Why use an egg as a thickener? ›

Creamy desserts such as crème brûlée also benefit from eggs' ability to emulsify and produce smooth, satiny, hom*ogeneous mixtures. Their ability to hold up to four times their weight in moisture makes eggs a good thickener for sauces, custards and curds. The proteins in eggs coagulate or set at different temperatures.

Why do we need to apply egg yolk in some dressing? ›

You can use boiled egg yolks in scratch-made dressings or whisk them into store-bought dressings for the ultimate creamy upgrade.
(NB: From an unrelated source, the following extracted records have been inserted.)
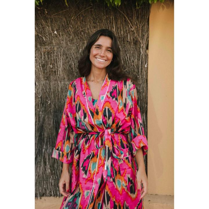 Kimono – bata estampada de algodón 100%. Cinturón y dos bolsillos. Destaca por ser 100% algodón, los distintos estampados los creamos con la técnica blockprint, la cual se realiza con sellos de madera tallados y tintes naturales, es una de las técnicas más tradicionales procedentes de la India. Al ser la tela hecha a mano con tintes naturales, puede presentar alguna mancha de pintura que no es considerado defecto. Creamos piezas únicas y artesanales. Talla Única. La modelo mide 1,60 m.
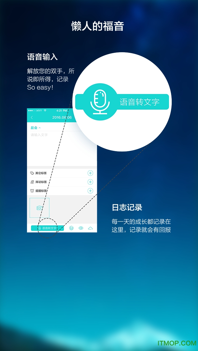 修复了语音转文字时特殊名词识别不准的问题,优化了金融、医疗等专业领域的词库。2.日志编辑界面全面升级,新增富文本格式工具栏,支持调整字体颜色、添加待办清单等。3.团队管理模块新增权限分级系统,支持设置不同级别的数据查看权限。4.优化了数据同步机制,大文件传输速度提升300%。5.新增黑暗模式,保护夜间使用者的眼睛。
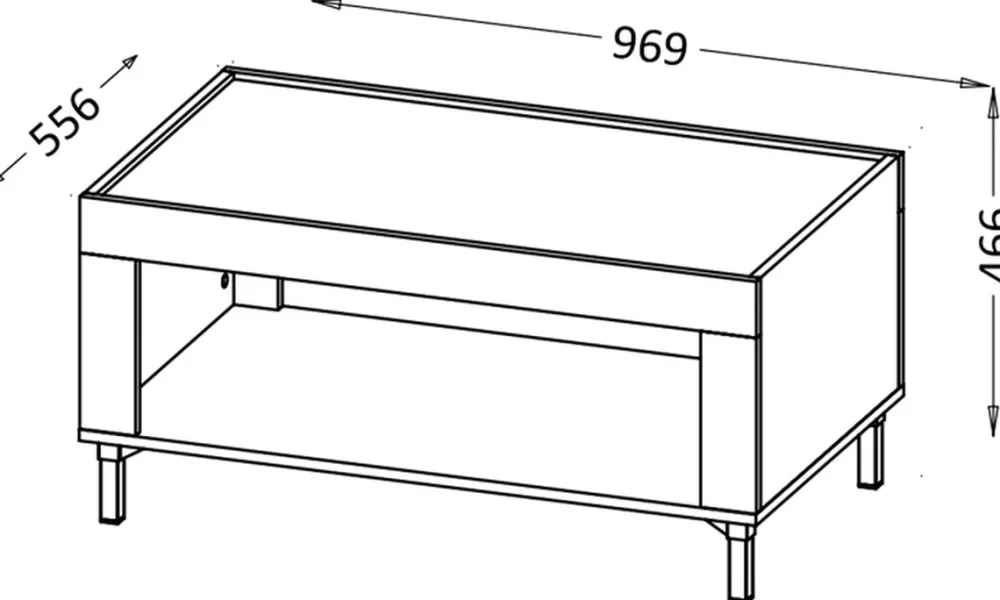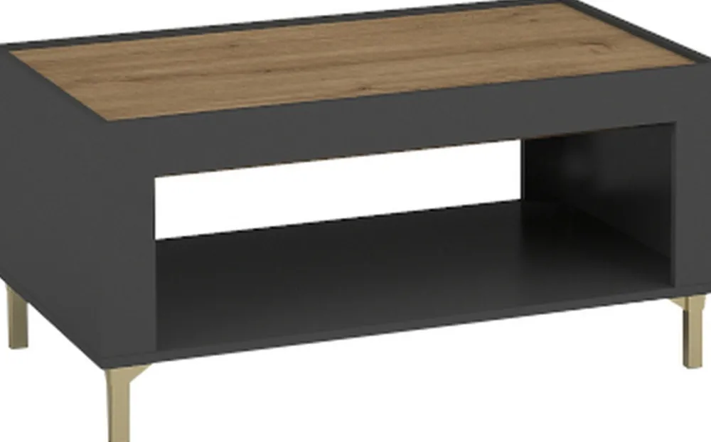 - Stolik kawowy do salonu MISTY posiada blat w kolorze dąb whisky, pod którym znajduje się wnęka z półką na pilot od telewizora oraz inne akcesoria. Stolik posiada nóżki o wysokości 12 cm, które pozwalają na swobodną pracę odkurzaczy samojezdnych.
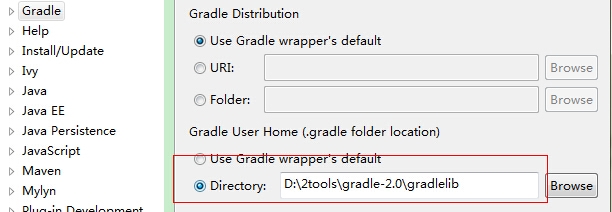 1.上Grandle官網下載Gradle,地址:http://www.gradle.org/downloads ![]() 如果只是運行可以只下載bin,為了擴展開發還是下載all。 2.下載完畢,直接把zip解壓,放到你電腦的軟件安裝目錄下,例如:D:\Program Files 3.在計算機/我的電腦設置環境變量,如果你下載了all,需要添加GRADLE_HOME指向gradle的安裝目錄的跟目錄,例如:D:\Program Files\gradle-2.0。然後需要在Path環境變量中加上gradle的bin目錄,例如:D:\Program Files\gradle-2.0\bin 4.以上步驟設置完畢,打開cmd,運行gradle -v就可以看到gradle的版本信息,標誌配置完成。 5.打開eclipse,Help-->Install new software,輸入http://dist.springsource.com/release/TOOLS/gradle 如果提示找不到地址,估計是被牆掉了,需要翻牆。如果找得到地址,選現實出來需要安裝的項,然後一直按下一步,安裝完畢,重啟eclipse就可以了。 6.創建一個web項目,在根目錄下創建一個build.gradle文件
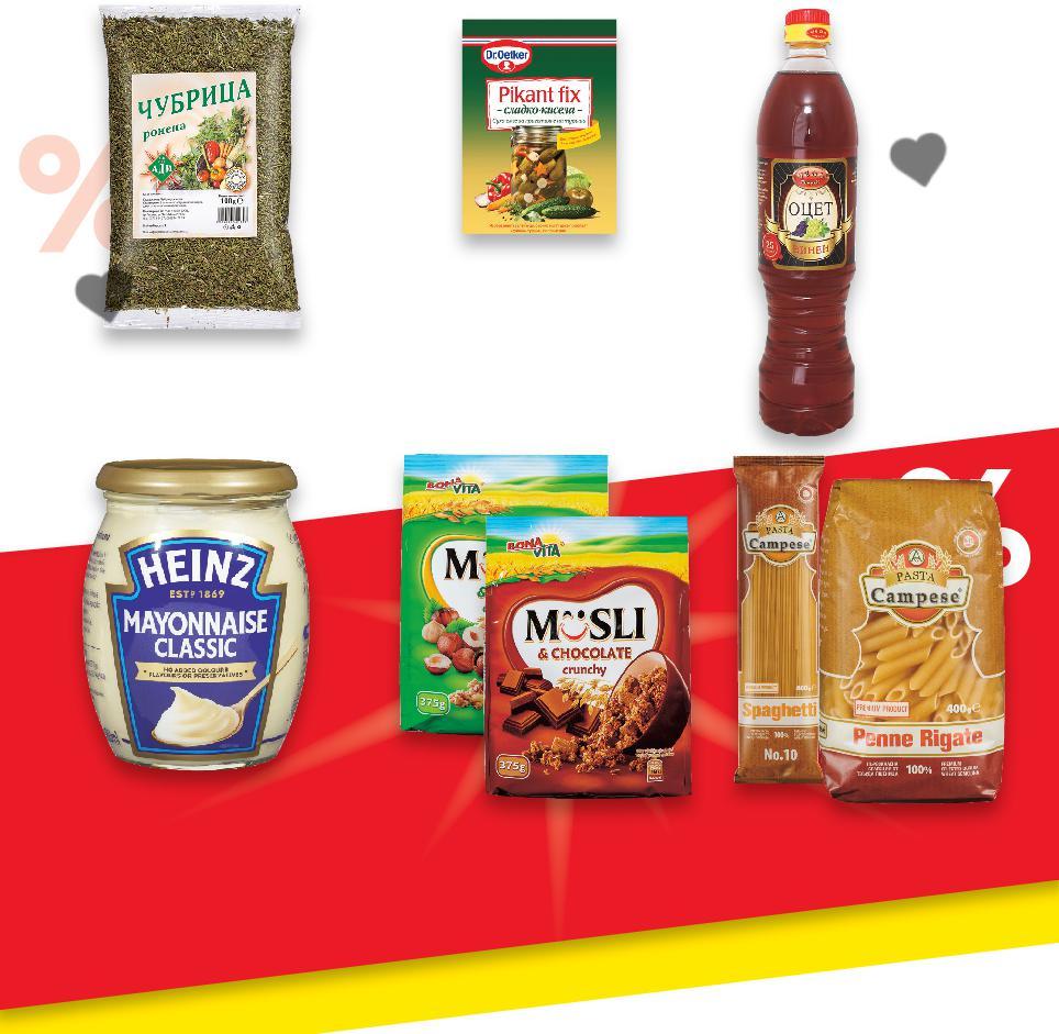 Отстъпката с Kaufland Card e изчислена спрямо стандартната текуща цена, на която продуктът се предлага в хипермаркета. *Със звездичка са обозначени артикулите, които са специално предложение до изчерпване на наличностите. Kaufland не носи отговорност за печатни грешки. Отстъпката с Kaufland Card e изчислена спрямо ОСНОВНИ ХРАНИ -15% 1,39 1,65 -17% 1,39 1,69 -10% 1,79 1,99 -34% 2,89 4,39 -20% 4,99 6,29 -16% 0,99 1,19 -41% 1,39 2,39 -30% 4,19 5,99само само -20% 3,95 с4,99 4,99 амо само ВиненVEDA оцет 6% 700 мл (1 л = 1,99) БрашноМЕЛСОФИЯ екстра 1 кг (1 кг = 1,39) изделияМакаронениCAMPESE различни видове 400 - 500 г (1 кг = до 4,48) BONA МюслиVITAкрънч шоколад или лешник 375 г (1 кг = 7,71) МайонезаHEINZ класик или лека 480 мл (1 л = 10,40) DR. туршииСмесOETKERза Pikant сладко-киселаfix или букет подправки 100 г (1 кг = 9,90) ЧубрицаАДИ ронена 100 г (1 кг = 13,90) 1българскиБобKRINAкг(1кг=4,19) VITAE D‘ORO 1слънчогледовоОлиол(1л=3,95) Цена CARDKAUFLANDс Цена CARDKAUFLANDс ДО 4 БРОЯ НА ПОКУПКА S21-BG-KW34-LFT-NMP1_R-1000-10 21

Boiled egg yolks can thicken a dressing without breaking or clumping while creating a silky consistency that thoroughly coats your salad ingredients.

What makes stuffing unhealthy? ›

Stuffing is not strictly a healthy food, because it is typically high in calories, fat, sodium, and refined carbohydrates. 1 But that doesn't mean you can't enjoy it, All foods can fit into a healthy diet in moderation.

Why do people add eggs to everything? ›

Not only do eggs add an element of creamy indulgence, there's even some science behind their joy. “Eggs are a perfect emulsifier and binder so work really well to make many dishes cohesive,” she continues.